COLLECTED DATA START
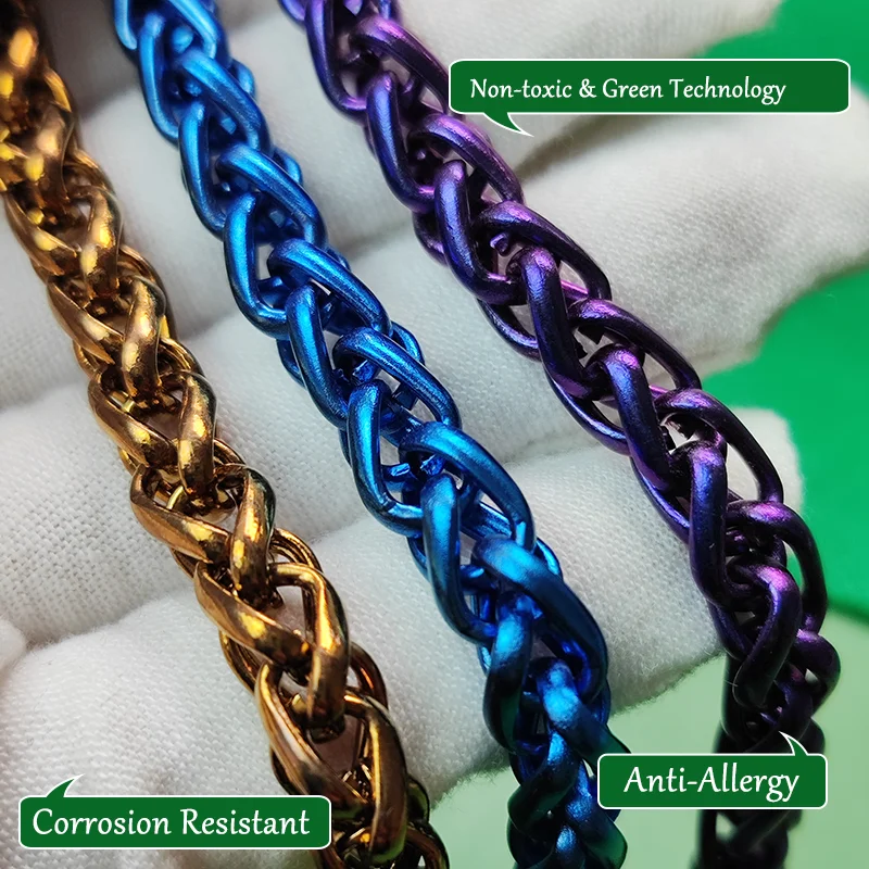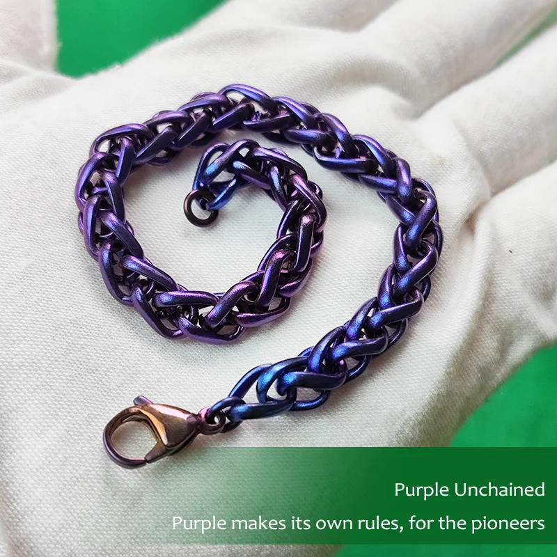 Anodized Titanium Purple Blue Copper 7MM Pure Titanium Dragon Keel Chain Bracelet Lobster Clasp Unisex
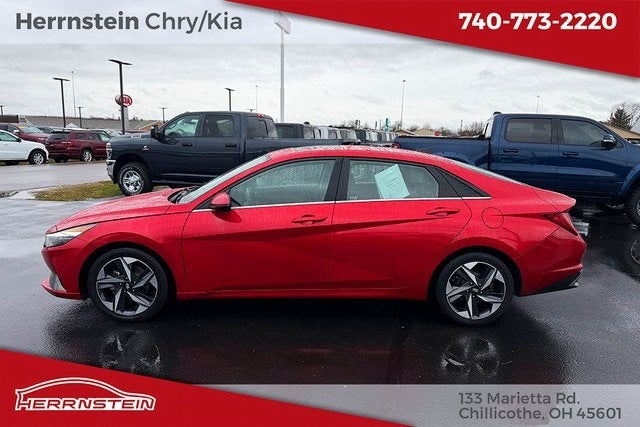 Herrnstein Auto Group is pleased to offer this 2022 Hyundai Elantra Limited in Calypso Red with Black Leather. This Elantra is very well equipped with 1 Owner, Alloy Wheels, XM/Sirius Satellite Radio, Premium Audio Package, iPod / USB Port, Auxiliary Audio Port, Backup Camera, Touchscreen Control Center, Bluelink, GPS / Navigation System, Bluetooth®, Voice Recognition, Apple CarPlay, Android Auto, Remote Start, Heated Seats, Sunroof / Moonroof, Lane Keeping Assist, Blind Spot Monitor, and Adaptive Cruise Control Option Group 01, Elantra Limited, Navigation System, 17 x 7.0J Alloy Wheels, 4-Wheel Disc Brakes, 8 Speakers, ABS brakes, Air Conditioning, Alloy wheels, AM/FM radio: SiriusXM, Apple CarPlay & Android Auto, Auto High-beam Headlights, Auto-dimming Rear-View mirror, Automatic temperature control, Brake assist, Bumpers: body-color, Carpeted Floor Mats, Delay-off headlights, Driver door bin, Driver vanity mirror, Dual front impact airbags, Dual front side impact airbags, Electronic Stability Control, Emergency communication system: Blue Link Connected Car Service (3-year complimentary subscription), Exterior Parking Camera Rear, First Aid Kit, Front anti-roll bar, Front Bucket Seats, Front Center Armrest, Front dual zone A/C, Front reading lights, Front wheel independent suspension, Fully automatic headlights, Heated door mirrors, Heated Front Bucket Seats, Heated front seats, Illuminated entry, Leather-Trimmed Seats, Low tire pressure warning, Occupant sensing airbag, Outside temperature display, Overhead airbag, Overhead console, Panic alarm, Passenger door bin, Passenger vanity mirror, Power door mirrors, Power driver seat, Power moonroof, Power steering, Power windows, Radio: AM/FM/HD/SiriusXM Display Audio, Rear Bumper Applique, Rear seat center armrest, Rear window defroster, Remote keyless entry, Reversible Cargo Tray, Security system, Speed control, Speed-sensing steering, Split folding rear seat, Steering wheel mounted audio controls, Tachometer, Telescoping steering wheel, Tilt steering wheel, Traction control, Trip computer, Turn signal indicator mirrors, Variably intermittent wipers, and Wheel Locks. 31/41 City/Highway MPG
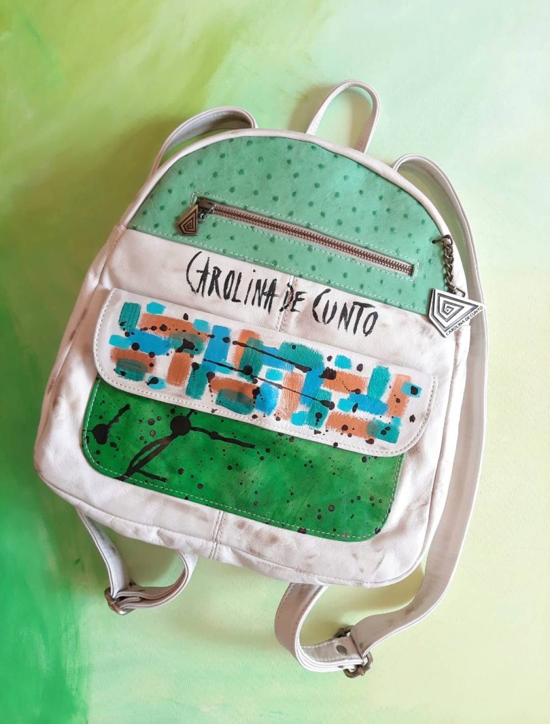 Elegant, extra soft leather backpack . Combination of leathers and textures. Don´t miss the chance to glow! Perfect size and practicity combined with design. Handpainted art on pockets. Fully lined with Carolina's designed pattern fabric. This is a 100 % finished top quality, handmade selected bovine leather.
COLLECTED DATA END
Please retype the whole listing above exactly, without any of its images.

 Anodized Titanium Purple Blue Copper 7MM Pure Titanium Dragon Keel Chain Bracelet Lobster Clasp Unisex
 Herrnstein Auto Group is pleased to offer this 2022 Hyundai Elantra Limited in Calypso Red with Black Leather. This Elantra is very well equipped with 1 Owner, Alloy Wheels, XM/Sirius Satellite Radio, Premium Audio Package, iPod / USB Port, Auxiliary Audio Port, Backup Camera, Touchscreen Control Center, Bluelink, GPS / Navigation System, Bluetooth®, Voice Recognition, Apple CarPlay, Android Auto, Remote Start, Heated Seats, Sunroof / Moonroof, Lane Keeping Assist, Blind Spot Monitor, and Adaptive Cruise Control Option Group 01, Elantra Limited, Navigation System, 17 x 7.0J Alloy Wheels, 4-Wheel Disc Brakes, 8 Speakers, ABS brakes, Air Conditioning, Alloy wheels, AM/FM radio: SiriusXM, Apple CarPlay & Android Auto, Auto High-beam Headlights, Auto-dimming Rear-View mirror, Automatic temperature control, Brake assist, Bumpers: body-color, Carpeted Floor Mats, Delay-off headlights, Driver door bin, Driver vanity mirror, Dual front impact airbags, Dual front side impact airbags, Electronic Stability Control, Emergency communication system: Blue Link Connected Car Service (3-year complimentary subscription), Exterior Parking Camera Rear, First Aid Kit, Front anti-roll bar, Front Bucket Seats, Front Center Armrest, Front dual zone A/C, Front reading lights, Front wheel independent suspension, Fully automatic headlights, Heated door mirrors, Heated Front Bucket Seats, Heated front seats, Illuminated entry, Leather-Trimmed Seats, Low tire pressure warning, Occupant sensing airbag, Outside temperature display, Overhead airbag, Overhead console, Panic alarm, Passenger door bin, Passenger vanity mirror, Power door mirrors, Power driver seat, Power moonroof, Power steering, Power windows, Radio: AM/FM/HD/SiriusXM Display Audio, Rear Bumper Applique, Rear seat center armrest, Rear window defroster, Remote keyless entry, Reversible Cargo Tray, Security system, Speed control, Speed-sensing steering, Split folding rear seat, Steering wheel mounted audio controls, Tachometer, Telescoping steering wheel, Tilt steering wheel, Traction control, Trip computer, Turn signal indicator mirrors, Variably intermittent wipers, and Wheel Locks. 31/41 City/Highway MPG
 Elegant, extra soft leather backpack . Combination of leathers and textures. Don´t miss the chance to glow! Perfect size and practicity combined with design. Handpainted art on pockets. Fully lined with Carolina's designed pattern fabric. This is a 100 % finished top quality, handmade selected bovine leather.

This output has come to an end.